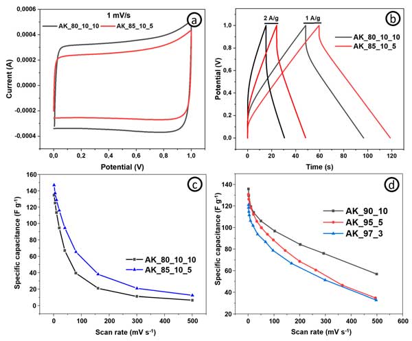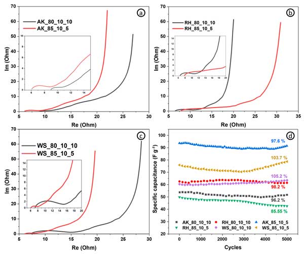活性炭電極表現(xiàn)出比常規(guī)樣品更好的比電容和能量密度(相同功率密度下的最大能量密度為4.8vs.4.4Wh/kg-1),因為有更多的活性材料,而電阻、倍率能力(圖3c)和功率密度—這取決于電極的導(dǎo)電能力(基于導(dǎo)電添加劑含量)。圖3d顯示了具有不同活性炭和碳納米管含量的電極在不同掃描速率下的比電容。碳納米管含量為10%的電極在1mV/s-1下實現(xiàn)了137F/g-1的最高比電容。從圖中可以清楚地看出,就比電容而言,活性炭和碳納米管的最佳比例為90:10。綜上所述,我們可以得出這樣的結(jié)論:對于超級電容器的自支撐電極,活性成分、結(jié)合成分和導(dǎo)電成分的最佳比例為85:10:5?梢赃M一步評估具有這種含有源自其他生物前體的活性材料的組合物的電極的電化學(xué)性能。
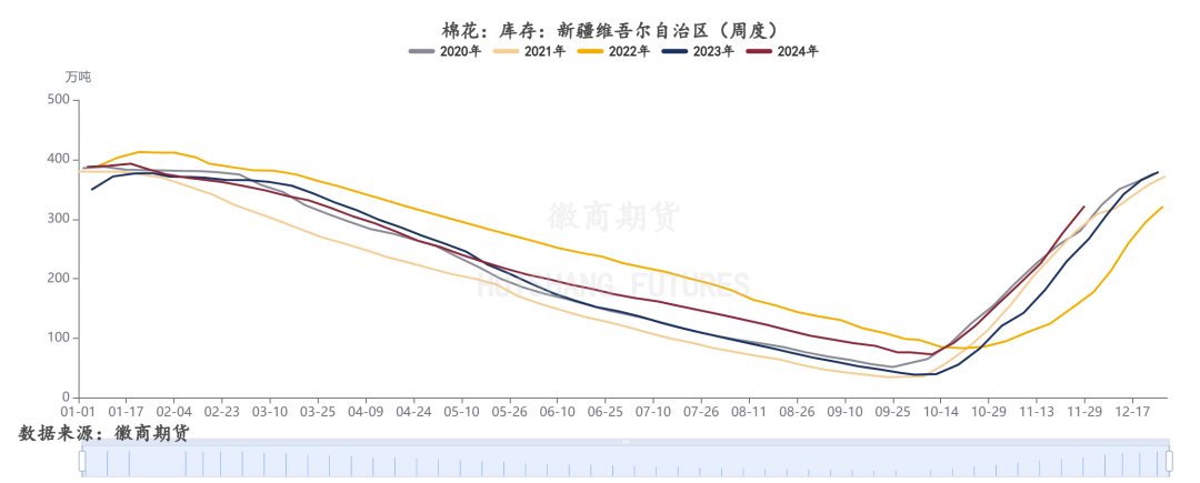 随着疆内棉花收购进度、加工/公检进度快速推进。据统计,截至2024年11月28日,新疆皮棉加工量已突破417万吨,新疆监管类公证检验也达到351.84万吨。棉花商品库存、社会供应量大幅增加。
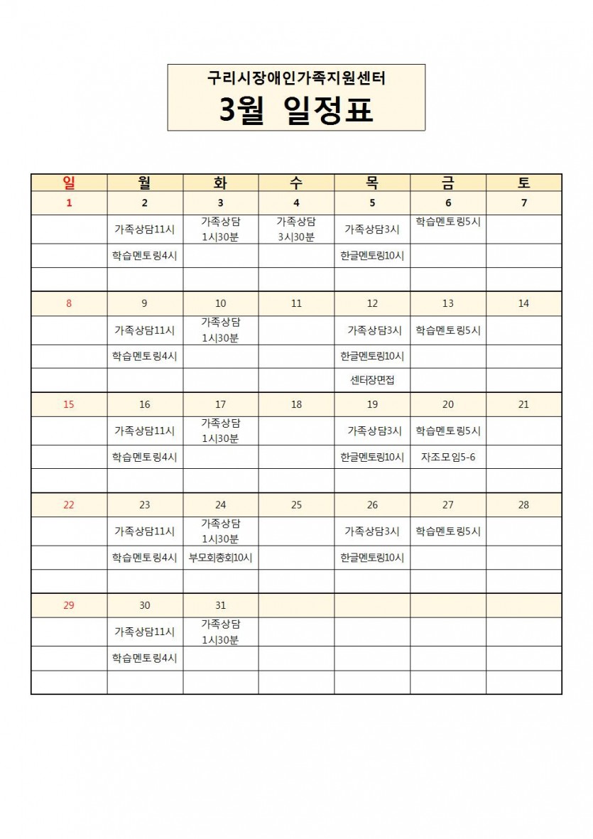 구리시장애인가족지원센터 3월 일정표 공지 페이지 정보 작성자 관리자 댓글 0건 조회 7,793회 작성일 20-02-27 00:18 목록 본문 페이스북 공유 트위터 공유 구글+ 공유 이전글2020년 구리시장애인가족지원센터 사업계획 안내 20.02.27 다음글2020년 구리시장애인가족지원센터 센터장 모집공고 20.02.25 댓글 0 댓글목록 등록된 댓글이 없습니다.
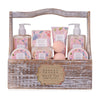 Bade- & verwöhn-set im wohltuenden und fruchtigen White Tea & Apricot Duft - dekorativ in einem Holzkorb im Shabby-Look verpackt!
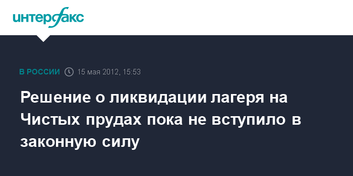 Москва. 15 мая. INTERFAX.RU - Представитель Басманного суда Москвы заявила о необходимости немедленного исполнения судебного решения о ликвидации лагеря оппозиции на Чистопрудном бульваре.
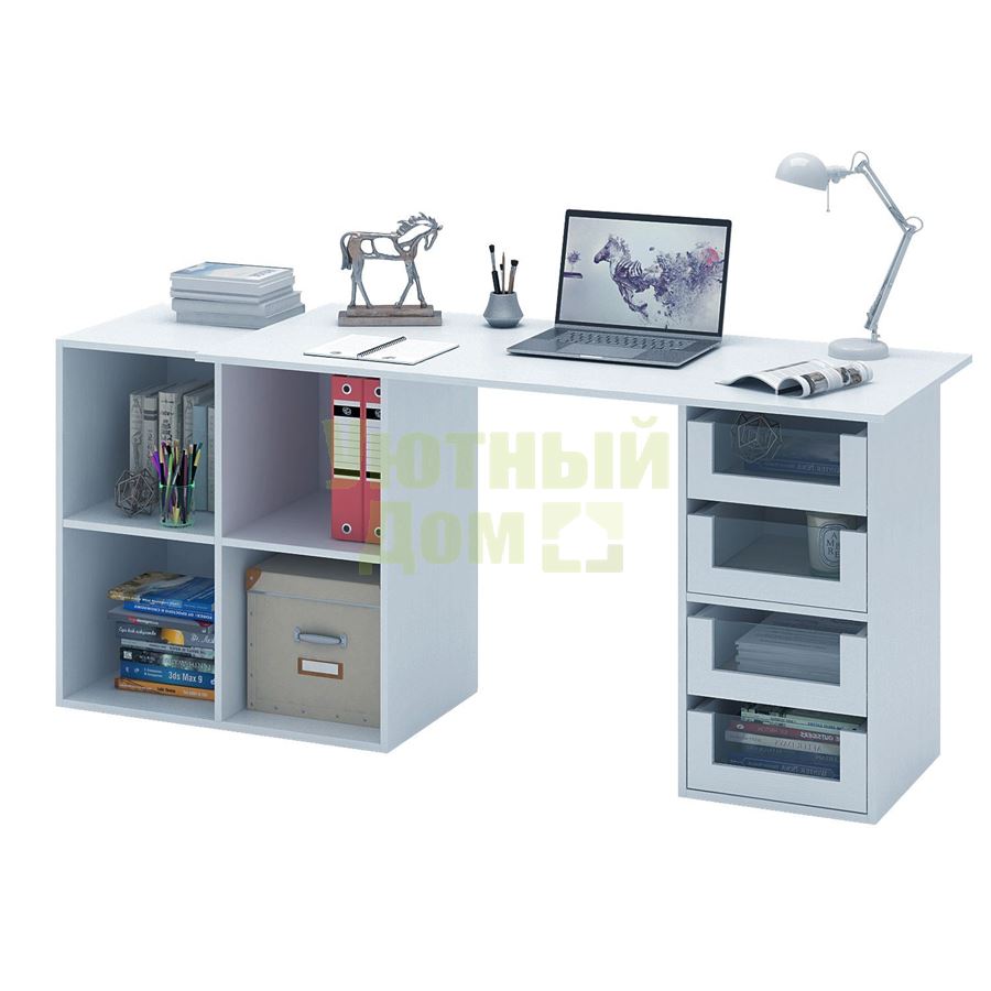 Стол является комплектом модульной системы Прайм. Вы можете собрать индивидуальный комплект из столешниц разных размеров, тумб разных форм и их наполнений (дверок, блока ящиков, ящиков со стеклом или больших ящиков).
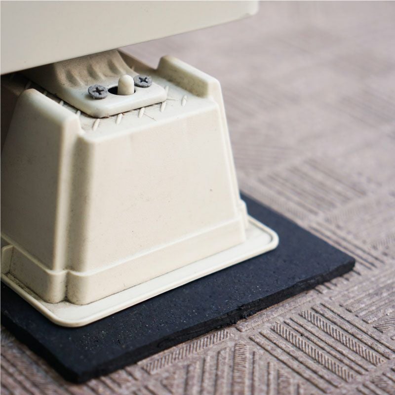 P防振マットは、他の防音マットよりに比べて耐久性があり、水周りや屋外での防音にオススメです。洗濯機や室外機の下に敷くことができます。
────────
◆ **What is required**
Transcribe exactly, and only, the lines from the line with "Стол является комплектом" through the last line of the records, inclusive; the pictures do not belong in the copy.

◆ **Expected output**
 Стол является комплектом модульной системы Прайм. Вы можете собрать индивидуальный комплект из столешниц разных размеров, тумб разных форм и их наполнений (дверок, блока ящиков, ящиков со стеклом или больших ящиков).
 P防振マットは、他の防音マットよりに比べて耐久性があり、水周りや屋外での防音にオススメです。洗濯機や室外機の下に敷くことができます。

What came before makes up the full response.